### PROBLEM STATEMENT
Return the following from the records below: each line, word for word, starting with the line that contains "故宫博物院藏清乾隆绿地粉彩婴" and going on through the line that contains "2 db könyv Mályusz", with nothing outside that range.

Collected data

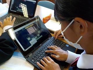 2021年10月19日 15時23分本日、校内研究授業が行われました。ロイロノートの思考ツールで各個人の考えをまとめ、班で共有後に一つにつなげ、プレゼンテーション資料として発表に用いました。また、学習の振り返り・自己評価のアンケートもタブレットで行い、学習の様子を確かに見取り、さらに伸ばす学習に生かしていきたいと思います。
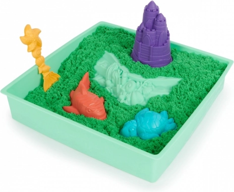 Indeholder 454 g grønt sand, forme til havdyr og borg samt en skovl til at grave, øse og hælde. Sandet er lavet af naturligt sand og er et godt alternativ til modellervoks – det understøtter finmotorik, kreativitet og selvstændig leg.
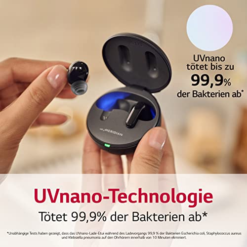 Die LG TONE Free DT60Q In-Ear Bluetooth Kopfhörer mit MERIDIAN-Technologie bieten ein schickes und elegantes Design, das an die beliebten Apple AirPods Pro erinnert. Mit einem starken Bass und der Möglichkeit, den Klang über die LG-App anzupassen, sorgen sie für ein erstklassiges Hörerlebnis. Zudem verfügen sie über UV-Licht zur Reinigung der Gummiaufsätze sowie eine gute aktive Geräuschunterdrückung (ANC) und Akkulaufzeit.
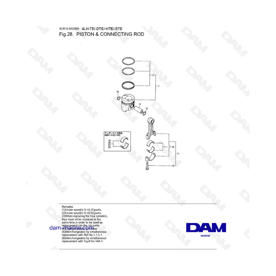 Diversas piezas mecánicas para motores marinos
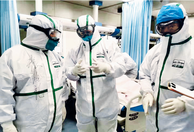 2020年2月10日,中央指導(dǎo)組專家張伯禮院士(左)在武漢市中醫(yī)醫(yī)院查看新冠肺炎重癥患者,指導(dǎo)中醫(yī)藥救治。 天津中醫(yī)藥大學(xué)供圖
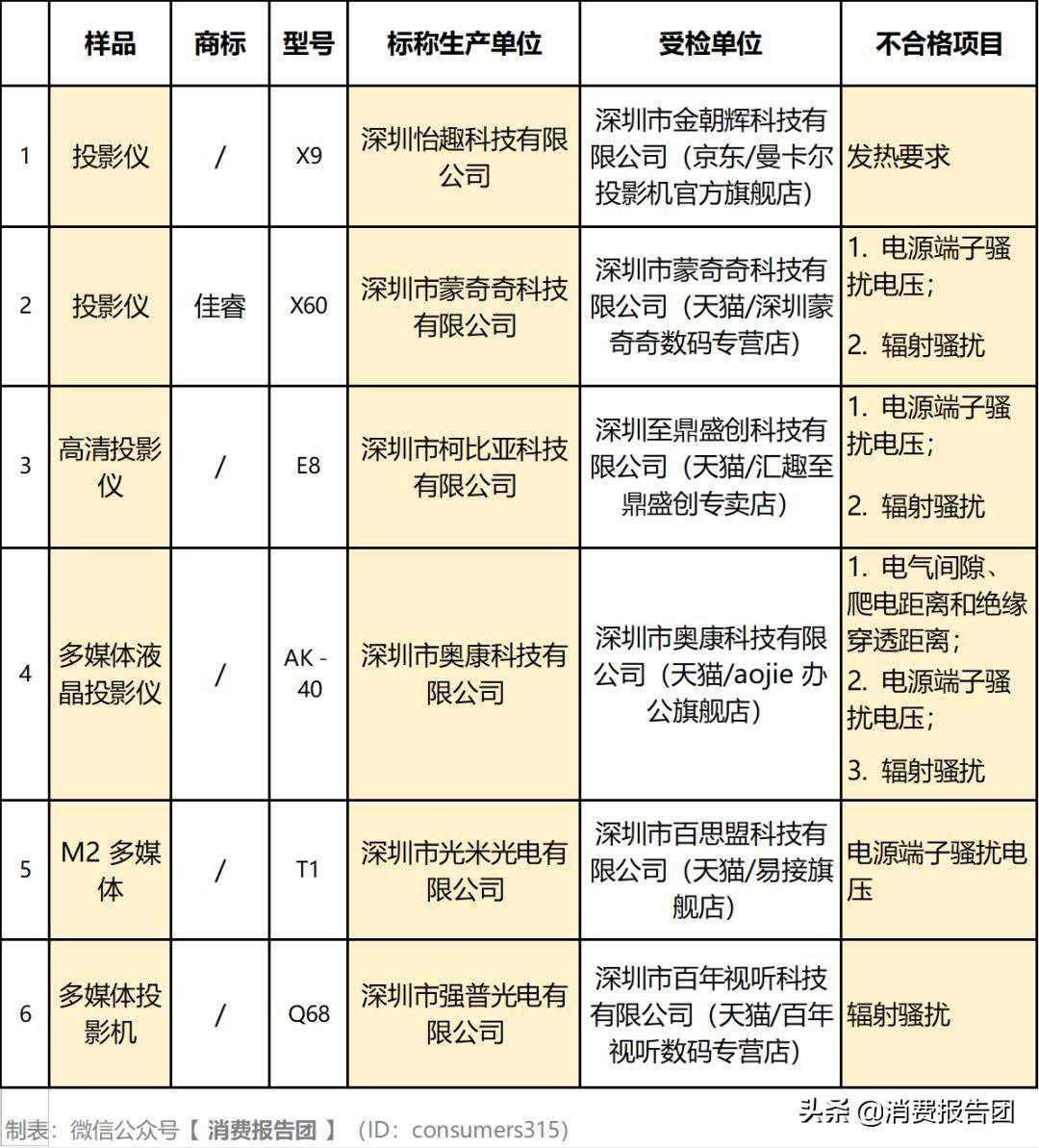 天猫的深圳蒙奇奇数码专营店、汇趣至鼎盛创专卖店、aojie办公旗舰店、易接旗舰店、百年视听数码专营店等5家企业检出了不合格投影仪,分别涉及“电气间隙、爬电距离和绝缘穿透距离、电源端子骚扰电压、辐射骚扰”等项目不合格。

* * *

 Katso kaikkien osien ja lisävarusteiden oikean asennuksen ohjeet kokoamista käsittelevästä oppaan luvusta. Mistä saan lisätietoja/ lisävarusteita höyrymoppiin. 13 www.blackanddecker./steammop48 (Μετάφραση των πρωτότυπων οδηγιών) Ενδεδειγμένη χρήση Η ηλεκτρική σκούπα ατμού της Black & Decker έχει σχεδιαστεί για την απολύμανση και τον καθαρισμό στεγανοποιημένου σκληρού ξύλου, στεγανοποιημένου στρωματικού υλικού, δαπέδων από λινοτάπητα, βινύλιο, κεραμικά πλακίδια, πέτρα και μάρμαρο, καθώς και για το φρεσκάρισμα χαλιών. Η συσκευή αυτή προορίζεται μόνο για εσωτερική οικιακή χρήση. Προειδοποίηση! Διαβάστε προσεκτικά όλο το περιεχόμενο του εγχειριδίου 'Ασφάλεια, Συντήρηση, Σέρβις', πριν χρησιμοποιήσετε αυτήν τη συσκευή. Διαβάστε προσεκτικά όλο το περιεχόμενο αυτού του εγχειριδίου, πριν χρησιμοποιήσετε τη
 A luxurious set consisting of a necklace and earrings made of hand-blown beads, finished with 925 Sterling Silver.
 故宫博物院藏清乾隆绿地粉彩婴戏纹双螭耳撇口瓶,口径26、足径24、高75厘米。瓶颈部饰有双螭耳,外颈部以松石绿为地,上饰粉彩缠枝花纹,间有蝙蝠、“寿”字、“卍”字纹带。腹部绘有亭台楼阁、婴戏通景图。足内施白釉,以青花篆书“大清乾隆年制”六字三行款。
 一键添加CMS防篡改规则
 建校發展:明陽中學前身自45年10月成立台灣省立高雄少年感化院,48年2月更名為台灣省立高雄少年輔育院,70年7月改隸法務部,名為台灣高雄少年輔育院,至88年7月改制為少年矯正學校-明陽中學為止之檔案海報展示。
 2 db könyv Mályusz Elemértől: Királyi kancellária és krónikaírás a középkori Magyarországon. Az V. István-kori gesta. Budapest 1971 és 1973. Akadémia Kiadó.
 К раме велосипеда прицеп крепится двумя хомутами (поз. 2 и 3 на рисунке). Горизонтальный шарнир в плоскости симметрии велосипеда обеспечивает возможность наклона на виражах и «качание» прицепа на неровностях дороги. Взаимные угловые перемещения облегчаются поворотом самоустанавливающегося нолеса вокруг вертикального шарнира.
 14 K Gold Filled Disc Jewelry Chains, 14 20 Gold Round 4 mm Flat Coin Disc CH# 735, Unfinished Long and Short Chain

...

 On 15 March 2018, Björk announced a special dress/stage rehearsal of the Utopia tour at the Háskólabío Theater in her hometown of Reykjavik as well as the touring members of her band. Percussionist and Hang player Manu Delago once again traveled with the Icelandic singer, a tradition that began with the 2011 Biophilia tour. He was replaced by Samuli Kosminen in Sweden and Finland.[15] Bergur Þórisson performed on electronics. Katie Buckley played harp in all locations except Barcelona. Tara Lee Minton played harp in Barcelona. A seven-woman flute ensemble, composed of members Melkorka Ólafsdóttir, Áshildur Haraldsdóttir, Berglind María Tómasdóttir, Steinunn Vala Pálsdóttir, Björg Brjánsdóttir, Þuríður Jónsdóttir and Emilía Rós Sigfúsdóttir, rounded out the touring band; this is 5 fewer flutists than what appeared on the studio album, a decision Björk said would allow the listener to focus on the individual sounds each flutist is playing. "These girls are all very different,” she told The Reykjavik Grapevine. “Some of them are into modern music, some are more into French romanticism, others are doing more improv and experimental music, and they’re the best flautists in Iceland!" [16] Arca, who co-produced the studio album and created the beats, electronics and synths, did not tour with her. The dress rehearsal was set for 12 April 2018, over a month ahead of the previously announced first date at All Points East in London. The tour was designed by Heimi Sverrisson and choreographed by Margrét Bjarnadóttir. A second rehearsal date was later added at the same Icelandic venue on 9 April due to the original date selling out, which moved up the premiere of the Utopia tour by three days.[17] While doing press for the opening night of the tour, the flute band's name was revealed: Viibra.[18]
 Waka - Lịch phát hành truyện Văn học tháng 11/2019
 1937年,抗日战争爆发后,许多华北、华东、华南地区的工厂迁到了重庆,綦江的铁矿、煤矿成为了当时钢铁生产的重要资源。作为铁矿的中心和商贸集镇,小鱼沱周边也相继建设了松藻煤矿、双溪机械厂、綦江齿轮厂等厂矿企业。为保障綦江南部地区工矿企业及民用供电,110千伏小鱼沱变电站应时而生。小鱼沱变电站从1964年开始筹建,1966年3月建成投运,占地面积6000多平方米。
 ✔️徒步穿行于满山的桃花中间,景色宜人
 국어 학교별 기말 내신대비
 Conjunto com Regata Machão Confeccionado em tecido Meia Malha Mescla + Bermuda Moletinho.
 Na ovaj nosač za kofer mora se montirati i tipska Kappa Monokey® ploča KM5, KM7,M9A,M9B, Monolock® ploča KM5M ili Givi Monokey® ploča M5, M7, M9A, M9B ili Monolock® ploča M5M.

### REPLY TO THE TASK
 故宫博物院藏清乾隆绿地粉彩婴戏纹双螭耳撇口瓶,口径26、足径24、高75厘米。瓶颈部饰有双螭耳,外颈部以松石绿为地,上饰粉彩缠枝花纹,间有蝙蝠、“寿”字、“卍”字纹带。腹部绘有亭台楼阁、婴戏通景图。足内施白釉,以青花篆书“大清乾隆年制”六字三行款。
 一键添加CMS防篡改规则
 建校發展:明陽中學前身自45年10月成立台灣省立高雄少年感化院,48年2月更名為台灣省立高雄少年輔育院,70年7月改隸法務部,名為台灣高雄少年輔育院,至88年7月改制為少年矯正學校-明陽中學為止之檔案海報展示。
 2 db könyv Mályusz Elemértől: Királyi kancellária és krónikaírás a középkori Magyarországon. Az V. István-kori gesta. Budapest 1971 és 1973. Akadémia Kiadó.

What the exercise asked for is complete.